EXERCISE => Only a number is wanted here: how many lines in the records below contain the string "Godfrey".

*** Opening of DATA EXTRACTS ***

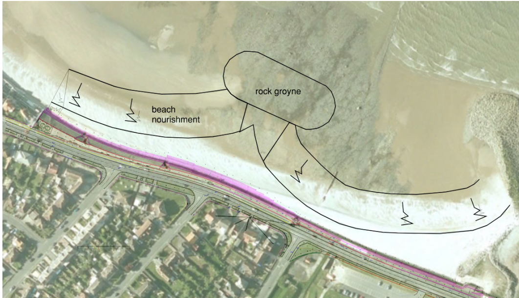
Figure 1b – Plan of Proposed Works (Low Tide).

A limited degree of flexibility exists in the location of the rock groyne to achieve the requisite design parameters and project objectives. The baseline data presented within this report will inform potential intertidal biodiversity constraints that may facilitate micro-siting of the proposed coastal defences.
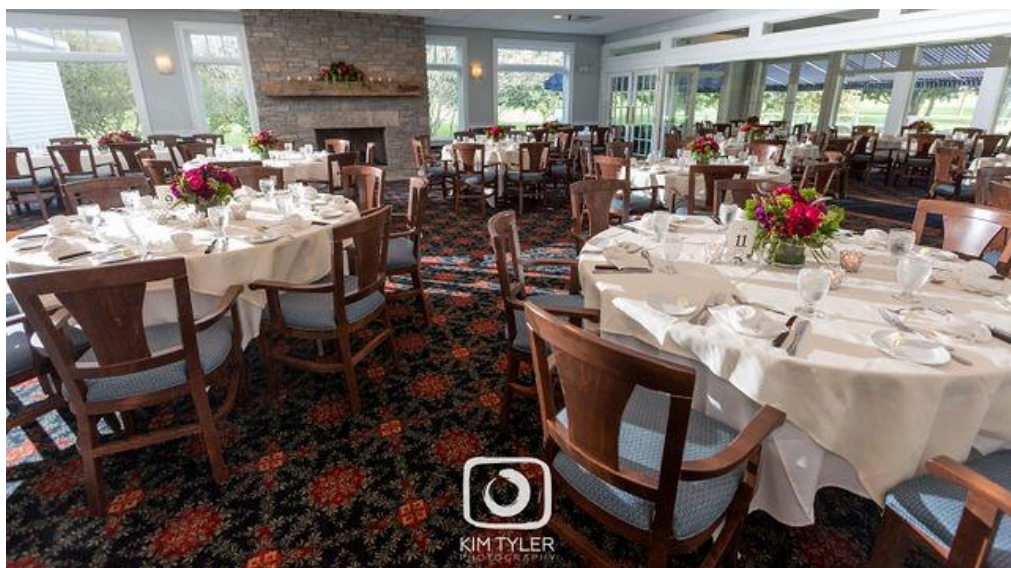
The Main Dining Room at Clinton Country Club

Commodore's Welcome We hope you can join us for this end of season celebration. It's been a great year and now it is time to celebrate our friendships. This will follow the format used last time with only a handful of perpetual trophies awarded. All others will be available for pick up at the event but we will not be announcing. Mail your Reservation by October 27 th to DIYC, P.O. Box 593 Westbrook, CT 06498.
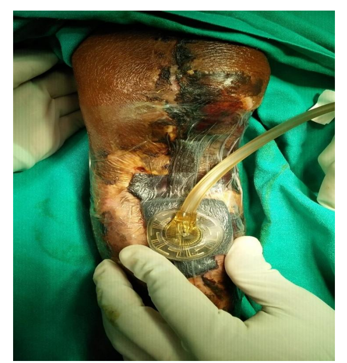
Fig.1 Patient with VAC machine applied in leg
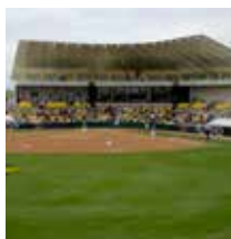
Tiger Softball Park 2009
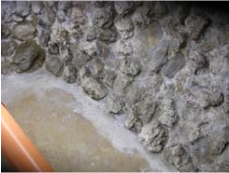
The aquarium background wall exposed after water is removed.
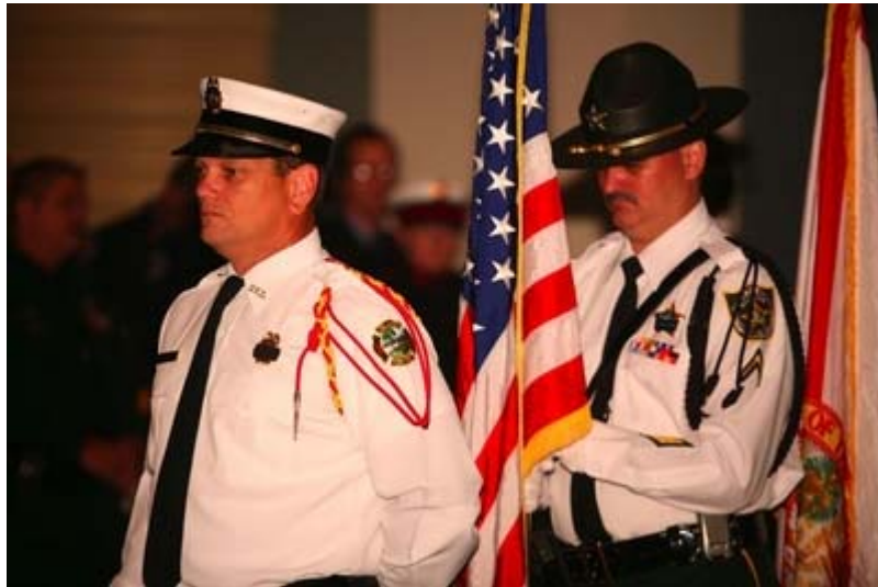
The Central Florida Fire and Police Honor Guard respectfully presented our colors.
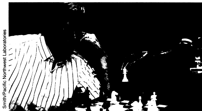
A new robotic hand goes for a checkmate.

Originally developed to handle radioactive materials at nuclear power plants, Smith later adapted the hand for general civilian use. Designed to mimic the shape and grasp of a human hand, with four fingers and an opposable thumb, the prosthetic works reliably even in moist, oily, and dirty environments.
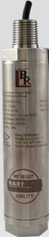
Model BR411, 411XP Smart Rangeable Pressure Transmitter
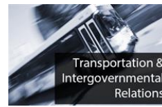
Transportation & Intergovernmental Relations
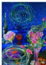
Strike Sparks Selected Poems, 1980-2002
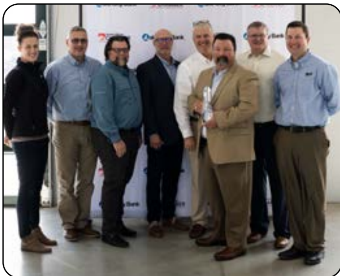
Congratulations, Godfrey Marine , Greater Elkhart Chamber of Commerce 2021 Century Plus Community Award Winner!

Many of the standards in the pontoon boating industry were originally innovations created by Godfrey Marine. It was Godfrey Marine who first introduced the aluminum pontoon boat in 1958 at the Chicago World's Fair. They continued innovating by introducing the original deck boats in the 1970s and they continue the tradition of innovation today.
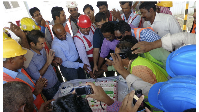
Nesma Telecom & Technology, Jubail.
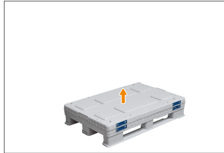
2. First remove the lid.
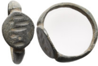
743 Byzantine Bronze ring 2,49g. 20,2mm

*** Close of DATA EXTRACTS ***

ANSWER TO THIS TASK => 2